Tax Debt Relief

Ultimate Guide to Tax Breaks for New Homeowners

Written by fritzie

Homeownership is important for the U.S. economy, and the government acknowledges its relevance by offering homeowners dedicated tax breaks to make owning a home just a little bit simpler.

The number of homeowner tax breaks stayed relatively the same for several decades. However, the Tax Cuts and Jobs Act of 2017 provided a landmark overhaul of the U.S. tax code and directly impacted tax breaks for homeowners.

Still, there’s an opportunity to get a tax break for buying a house. And more importantly, they’re available for as long as you’re paying the mortgage, so you’ll save every year.

Ready to learn about the best tax breaks for new homeowners? Keep reading to see how much you can save.

6 Simple Tax Breaks for New Homeowners

Do you get a tax break for buying a house? Yes, you do. There are a number of items available for primary residences and new homeowners.

We’ve provided the most common tax breaks for new homeowners including how these deductions were impacted by the recent tax code change.

1. Mortage Interest Tax Deduction

Previously, the mortgage interest tax deduction allowed homeowners to write off the interest costs of their mortgage.

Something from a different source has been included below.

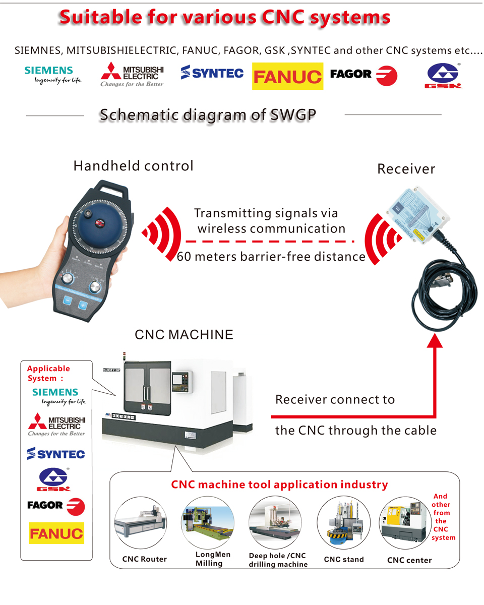 - It is mainly for systems including FANAC, SIEMENS and MITSUBISHI. The parameters of our handwheel pendant varies to fit for different systems.
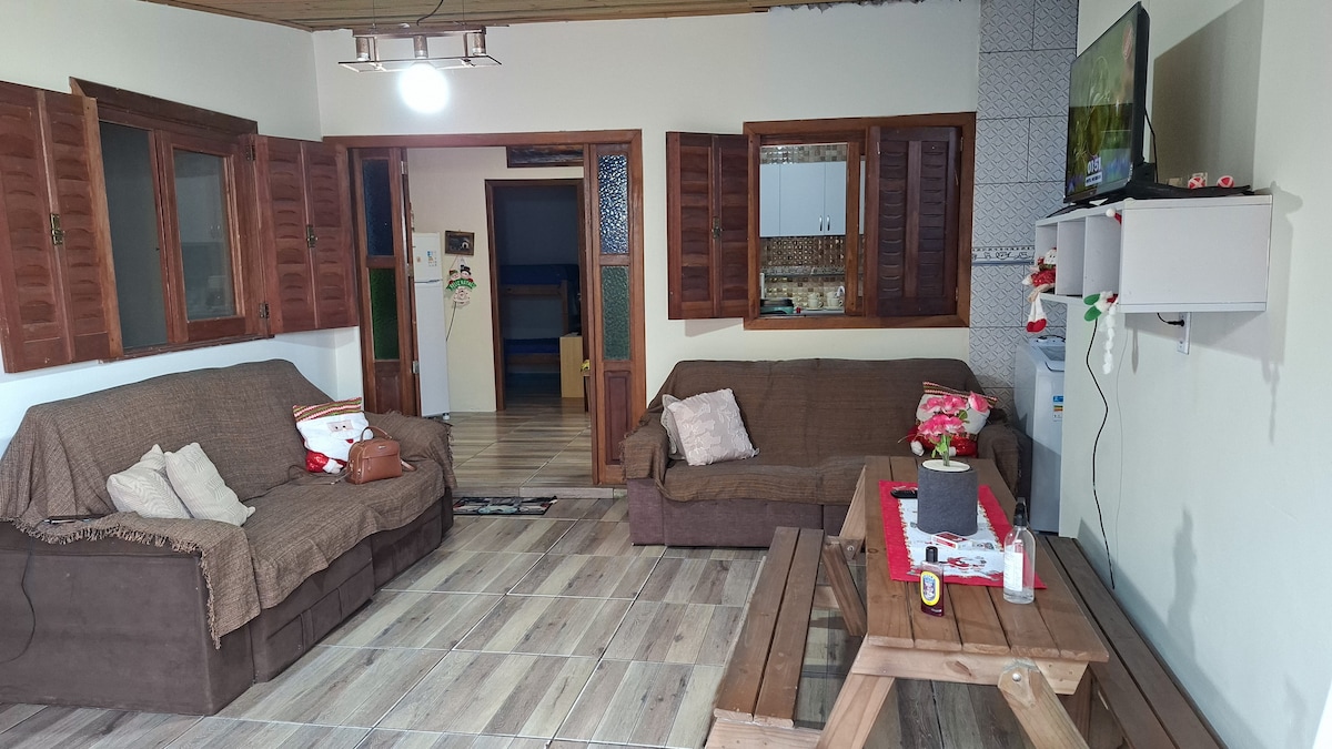 Kom en verblijf in dit geweldige huis gelegen in Praia Real in Torres - RS, 15 km van het centrum van Torres. De accommodatie ligt op drie blokken van de zee, heeft 3 slaapkamers, waarvan één een eigen badkamer, en een sociale badkamer. Huisdieren zijn van harte welkom. Geweldige plek om te rusten en te genieten van je vakantie in Tranquilidade. Patio allemaal gazon en afgesloten, met goede ruimte, barbecue , een goed geventileerd huis. Bad- en gezichtshanddoeken zijn niet inbegrepen, lakens, kussens. Minimumaantal nachten: 3 dagen

It was a politically popular deduction because many considered it to be a way to encourage homeownership by making it more affordable.

Until 2017, homeowners were able to deduct the interest on a $1 million mortgage on both a primary and second property. The new tax law passed in 2017 changed it slightly from 2018 forward. For homes purchased after December 15, 2017, Congress changed the figure to $750,000 for joint filings and $375,000 if you’re married and filing separately.

The change won’t impact homeowners in many parts of the country, but it will hurt you if you’re buying in an expensive state like California. Additionally, the mortgage deduction changes can cause the average homeowner’s tax deductions to drop by $100 in 15 states.

This is because alterations to the mortgage interest tax deduction also impact available deductions available before the tax reform. For example, someone who owns a home at average area price in the Bay Area could lose $100,000 in deductions over the duration of their mortgage.

While few people buy a home with tax implications in mind, the loss of deduction is something to consider if you’re buying in an expensive market like San Francisco or Seattle.

2. Moving Expenses

Until 2018, you were able to deduct some of your moving expenses if you moved to a new home to start a new job.

The new tax law eliminated this option, but it is still worth mentioning here because it remains available for active duty members of the armed forces.

3. Property Tax Deduction

Property tax deductions are another favorite way to ease into homeownership. For states where property taxes are high, this deduction helped relieve a serious tax burden that was otherwise unavoidable.

Previously, all property taxes were deductible. After 2018, the maximum deduction is $10,000 or $5,000 for married couples filing separately.

4. Home Office Deduction

The home office deduction was beloved by the self-employed and small business owners because it allowed them to write off a portion of their mortgage off their taxes when their home workspace met the requirements for a home office.

Despite being appreciated, the home office deduction is also a bugbear because it’s one of the most common excuses used by the IRS for an audit.

It was previously a used and often cited deduction, but it has changed significantly.

It is still true that you must use any office space “exclusively and regularly” as your place of business. Business mail, calls, and clients should be directed to your house or home office.

That means you need to have a room or suite of rooms dedicated to your business. Your kitchen table doesn’t count nor does a desk in your living room. Closet offices don’t count either. Claiming a space deemed to be too large or small for an office is a good way to receive an audit.

To receive the deduction, you’ll deduct the cost of your office against your business income with the Schedule C form.

The bill changed significantly in that employees of companies who worked in home offices were previously able to avail of this deduction. After 2017, only self-employed and businesses can use the deduction.

5. Residential Energy Efficient Property Credit

Energy efficient tax credits are offered to homeowners who invest in clean energy and energy efficiency in their home. Some ways to qualify include:

  • Installing an energy efficient HVAC system
  • Adding new energy efficient windows and doors
  • Choosing energy efficient lighting systems
  • Buying qualified appliances

There are no longer any opportunities to avail of federal tax credits for creating an energy efficient home. Unfortunately, federal tax credits expired on December 31st, 2016. However, lucky homeowners may still find their state offers these tax credits.

Your state’s energy department will likely list these credits on their website. Don’t forget to ask retailers about what appliances or products apply.

6. Home Equity Credit Interest Deduction

The home equity credit interest deduction saw the most significant changes under the new tax bill. Previously, homeowners who took out a home equity line of credit could deduct their interest on a credit line of up to $100,000.

Congress eliminated this deduction almost completely with the tax overhaul. From 2018 onward, only those who use their equity to “buy, build or substantially improve” the property qualify for the deduction.

Tax Write-offs for Homeowners Have Changed

Tax breaks for new homeowners are no longer as favorable as they were prior to 2017. Still, they offer new homeowners the chance to save some money on their income tax over the duration of their mortgage, particularly if you don’t live in an expensive housing market.